Скопин-Шуйский слез с коня. Староста упал в ноги и протянул воеводе расписной черный кошель.
– Помоги, батюшка!
Боярин удовлетворенно хмыкнул и засунул кошель за пояс.
– Жди стрельцов в слободе, как месяц загорит.
Староста, довольно закивав головой и ехидно ухмыляясь, поковылял вдоль улицы.
Едва на небе засверкали первые звезды, со стороны Волхова появились темные тени на гнедых кобылах. Ехали всадники молча, стараясь не будить посадских раньше времени. Но лошади под седоками фыркали косматыми ноздрями, поднимая дворовых псов и заставляя их рваться на цепи, облаивая чужаков.

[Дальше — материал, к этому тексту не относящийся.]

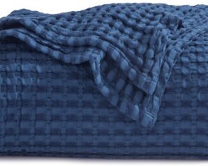 Bedsure 50% Cotton 50% Bamboo Blanket, Waffle Weave Throw Blanket for Couch Sofa, Soft Decorative Lightweight Blanket for All Seasons (Throw Size, 50 x 60, Navy) $22.09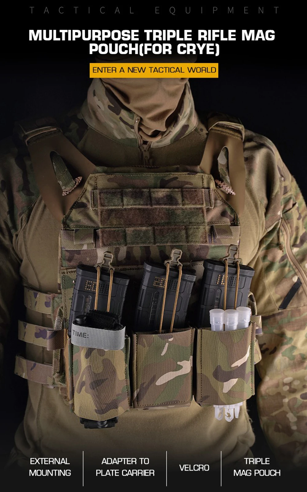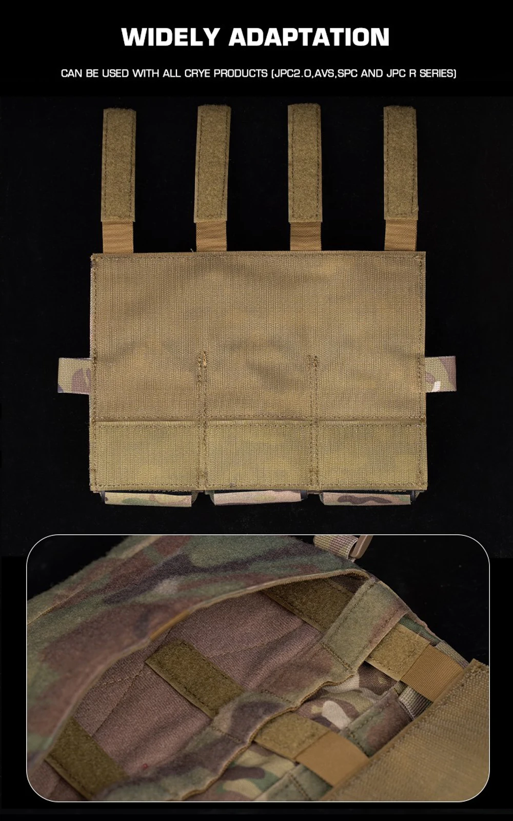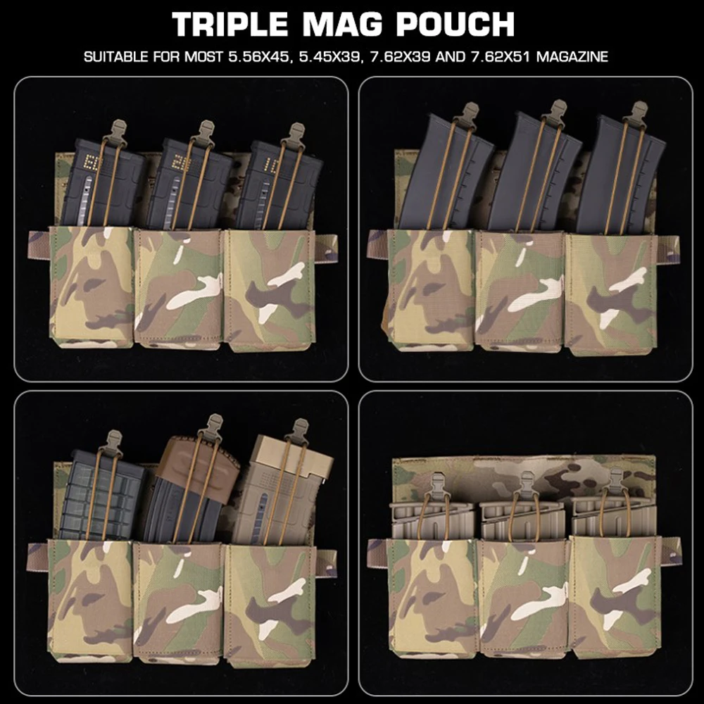 MOLLE Tacticl-bolsa Triple para Airsoft, chaleco de caza, portador de placa, Panel frontal M4 AR15 5,56/7,62 CRYE Mag, multiusos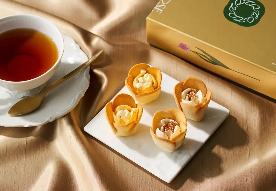 【チューリップローズ チーズ】準チョコレート(国内製造)、加工油脂(精製加工油脂、植物油脂、バター、脱脂粉乳)、液卵白(卵を含む)、砂糖、小麦粉、チーズパウダー、バター、パイ(小麦粉、加工油脂、でん粉、その他)、バターミルクパウダー、粉糖、乳等を主要原料とする食品、油脂加工品、精製加工油脂、食塩、酒粕パウダー/セルロース、乳化剤(大豆由来)、香料、酸化防止剤(V.E、V.C)、カロテノイド色素、pH調整剤、増粘剤(カラギナン)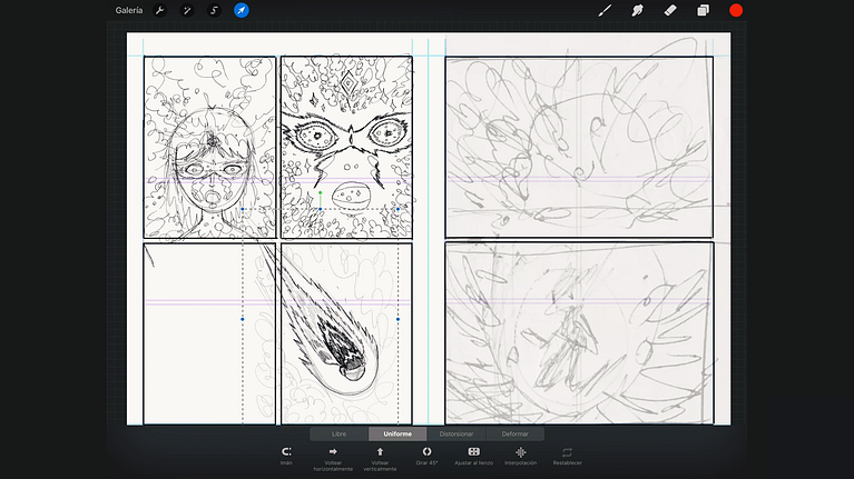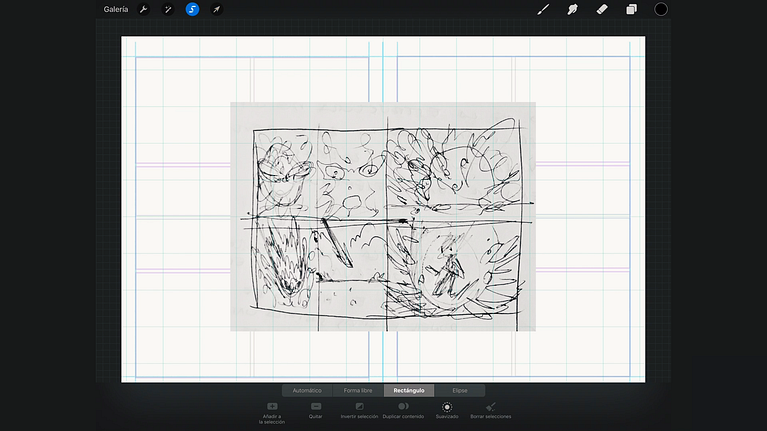 Recuerda que puedes reordenar las viñetas originales de tu boceto sobre papel, combinándolas o creando nuevas para conseguir otros efectos narrativos que te convenzan más. Puedes seleccionar partes concretas del boceto sobre papel y crear capas nuevas con ellas, para moverlas, cambiarlas de tamaño... y, como ya hemos dicho, puedes hacer esto también con todos los bocetos digitales que crees en Procreate.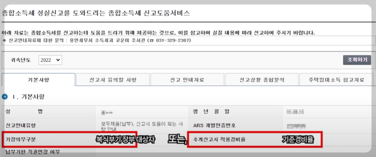 ⑪ 아래 화면과 같이 [복식부기장부대상자] 이거나 [기준 경비율]을 적용받는다면, 외부(세무사 등)에 이뢰하여 신고를 하도록하는것이 좋은 방법입니다.

В избе Нечаевых свет горел только в горнице. Сидя за широким деревянным столом, братья Нечаевы черпали деревянными ложками из чугунка капустные щи, бережно держа эти ложки над широкими ломтями черного хлеба.
Сам хозяин дома Фома Нечаев застрял во Пскове с торговым обозом. Двор и торговые лавки оставил на братьев, полагая, что хоть его отсутствие и нужда управляться с товаром образумит сыновей. Но Косьме и Трофиму отцовские наставления в пользу не шли. Днем ранее они задрали сына одного боярина, что криво посмотрел на них на торге и бросил вдогон обидное для купца слово «холоп».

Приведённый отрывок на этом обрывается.